YOUR GOAL:
In the copy, keep every word of the data below and none of its pictures.
---------- ENTRIES PROVIDED ----------
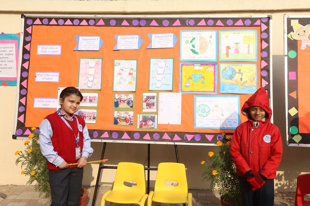 As part of the Back-to- School Series, a Gallery Walk was also organized for parents to witness the progression of the themes-‘Manipulating Materials’ for Grade II and ‘Landforms’, for Grade I students. The recitation of poems, explanation of theme boards was done so confidently by the students themselves and the experiments on water were testimony to the fact that students enjoy hands on activities.
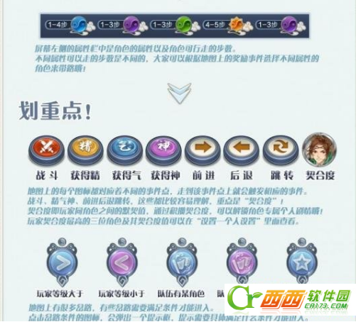 不同属性可以走的步数是不同的,大家可以根据地图上的奖励事件选择不同属性的角色来带路。
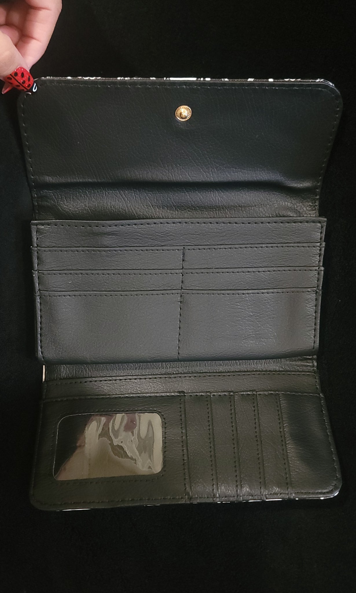 Made from a faux leather, this wallet measures 12.5 x 8 inches when fully open, has an ID window, cash slots, multiple card slots, and a zipper compartment.
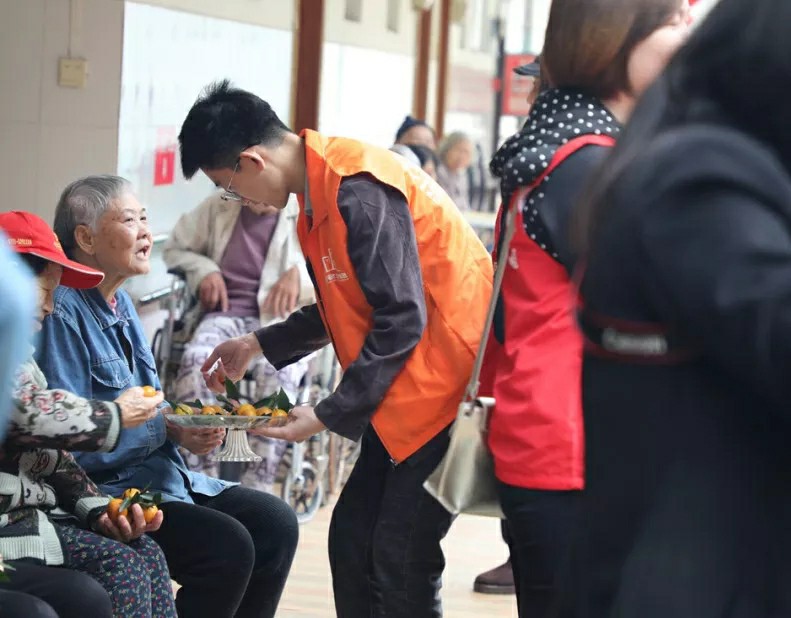 集團(tuán)家人們帶著水果走訪宿舍,邀請(qǐng)老人們來參加活動(dòng);同時(shí)也給行動(dòng)不便不能下樓的老人送去水果,關(guān)懷老人。
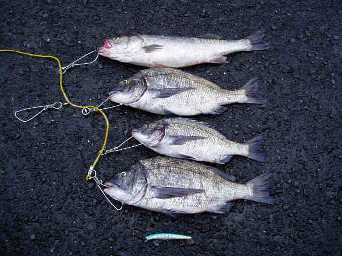 平鱸![]() 2尾の平鱸を1つのボーグルアーで釣りました 現認者 幡手寿紀さん |
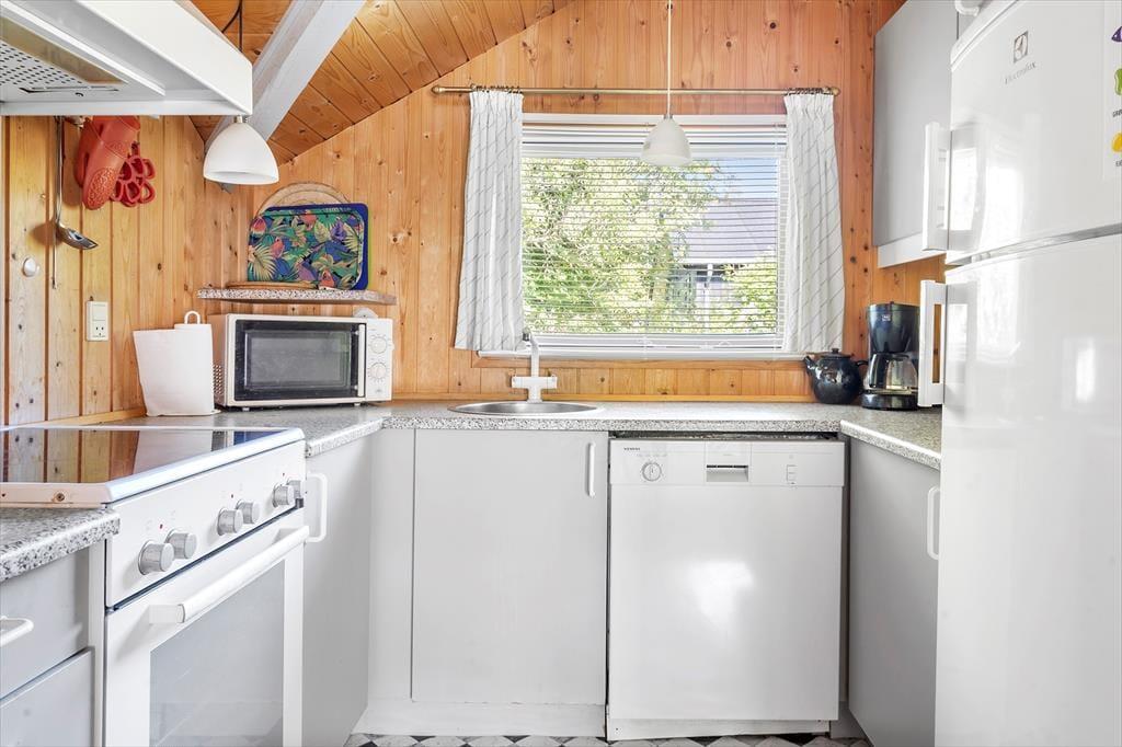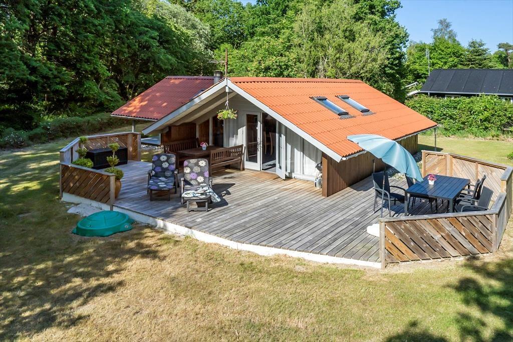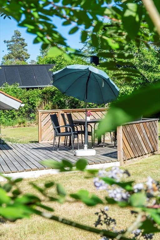 Das Haus liegt am Ende der Straße Strandmarksvej, wo es ruhig und friedlich ist. Für die Kinder gibt es Schaukeln und einen Sandkasten im Garten. Außerdem gibt es eine schöne Terrasse mit Gartenmöbeln, Liegestühlen und einem Sonnenschirm. Der Garten bietet auch viele gemütliche Ecken.
----------
ANSWER TO THE EXERCISE:
 As part of the Back-to- School Series, a Gallery Walk was also organized for parents to witness the progression of the themes-‘Manipulating Materials’ for Grade II and ‘Landforms’, for Grade I students. The recitation of poems, explanation of theme boards was done so confidently by the students themselves and the experiments on water were testimony to the fact that students enjoy hands on activities.
 不同属性可以走的步数是不同的,大家可以根据地图上的奖励事件选择不同属性的角色来带路。
 Made from a faux leather, this wallet measures 12.5 x 8 inches when fully open, has an ID window, cash slots, multiple card slots, and a zipper compartment.
 集團(tuán)家人們帶著水果走訪宿舍,邀請(qǐng)老人們來參加活動(dòng);同時(shí)也給行動(dòng)不便不能下樓的老人送去水果,關(guān)懷老人。
 平鱸![]() 2尾の平鱸を1つのボーグルアーで釣りました 現認者 幡手寿紀さん |
 Das Haus liegt am Ende der Straße Strandmarksvej, wo es ruhig und friedlich ist. Für die Kinder gibt es Schaukeln und einen Sandkasten im Garten. Außerdem gibt es eine schöne Terrasse mit Gartenmöbeln, Liegestühlen und einem Sonnenschirm. Der Garten bietet auch viele gemütliche Ecken.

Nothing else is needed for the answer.